Clinical question
Does influenza vaccination reduce the risk of cardiovascular (CV) events?
Bottom line
For every 100 patients vaccinated for influenza within about 1 month of an acute coronary syndrome (ACS), 2 fewer will experience CV events and 2 fewer will die at 1 year compared with placebo. The impact of influenza vaccination in primary CV prevention and other CV conditions is less clear.
Evidence
At least 6 meta-analyses compared the effect of influenza vaccination to placebo or no vaccination on CV events.1 This article focuses on the most complete systematic review.2 Results are statistically significant unless noted.
Secondary prevention (5 RCTs; N=4187)2: Vaccination reduced risk of all-cause death (relative risk reduction [RRR] of about 45%) and CV events (RRR of about 35%).
- The highest-quality, largest (N=2532), multi-country RCT3 compared 1-time vaccination versus placebo 3 or fewer days after myocardial infarction (MI).

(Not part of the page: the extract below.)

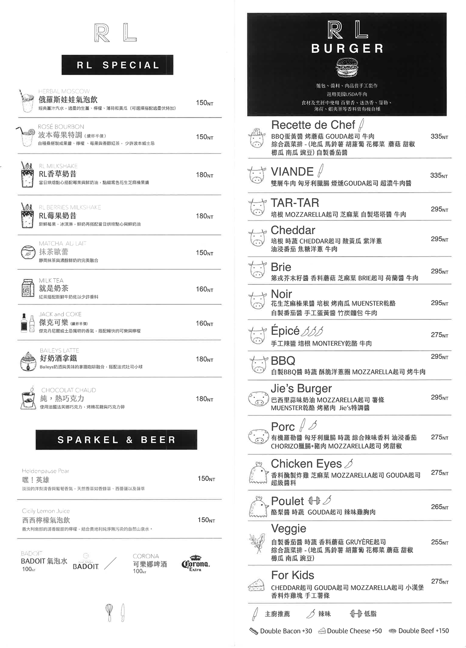 RL 為 Chef Rui & Chef Lo 的縮寫。RL 兩位主廚在巴黎藍帶修業後,前往上海分別在擁有米其林二星的 Chef Le bac 及 2012 亞洲最佳 50 餐廳 Franc bistro 工作,最後輾轉回台,兩人決意合作,攜手創立了「RL 餐廳」。精緻手作的餐點,無論是鹹食或甜點表現可圈可點,將濃厚的異國浪漫結合創意與在地,激盪出舌尖上的火花。

At 1 year:
— Death: 2.9% versus 4.9% with placebo.
— Cardiovascular events (death, MI, stent thrombosis): 5.3% versus 7.2% with placebo.
— Local injection site reactions: About 5% absolute increase.
- Limitations: Cardiovascular benefit is seen only in patients with recent ACS (unclear benefit in stable coronary artery disease) in subgroup analysis.2
Heart failure (RCT; N=5129)4: Vaccination did not reduce death or CV events compared with placebo at 2 years, but reduced overall hospitalization (15% vs 18% with placebo).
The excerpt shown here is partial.